**Goal of the exercise:** In the data below, one line contains "Zdj. 11. Fragment ekspozycji kolekcji" and a later one contains "JS: Dziękuję bardzo". Print both, with every line between them, exactly and alone.

**Dataset entries:**
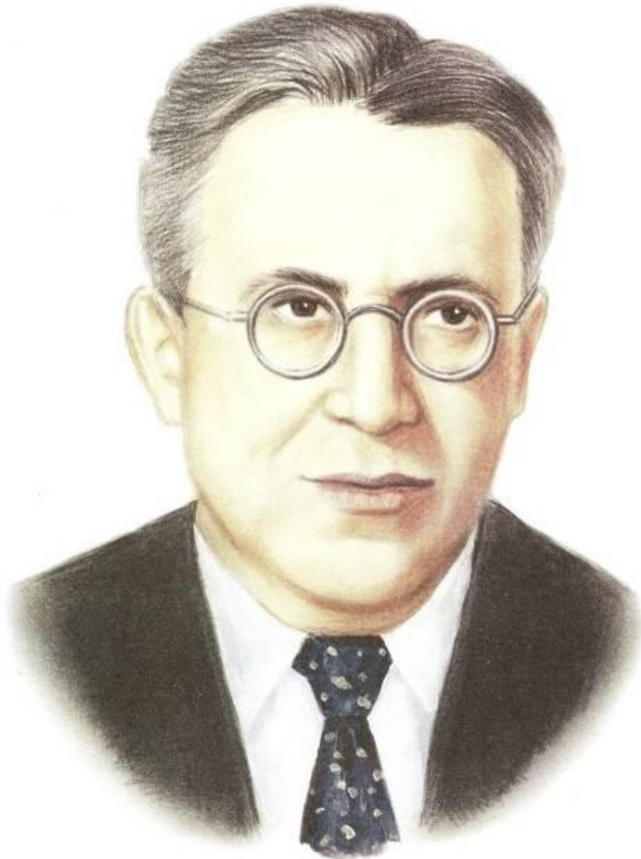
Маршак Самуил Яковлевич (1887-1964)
--
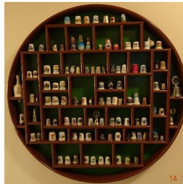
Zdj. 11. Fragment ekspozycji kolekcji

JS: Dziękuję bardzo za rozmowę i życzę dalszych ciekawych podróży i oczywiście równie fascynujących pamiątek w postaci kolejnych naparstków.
...
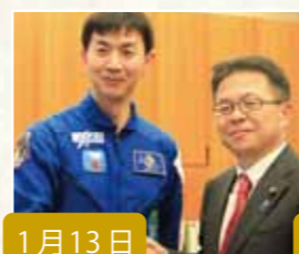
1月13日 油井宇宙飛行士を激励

**Exercise answer:**
Zdj. 11. Fragment ekspozycji kolekcji

JS: Dziękuję bardzo za rozmowę i życzę dalszych ciekawych podróży i oczywiście równie fascynujących pamiątek w postaci kolejnych naparstków.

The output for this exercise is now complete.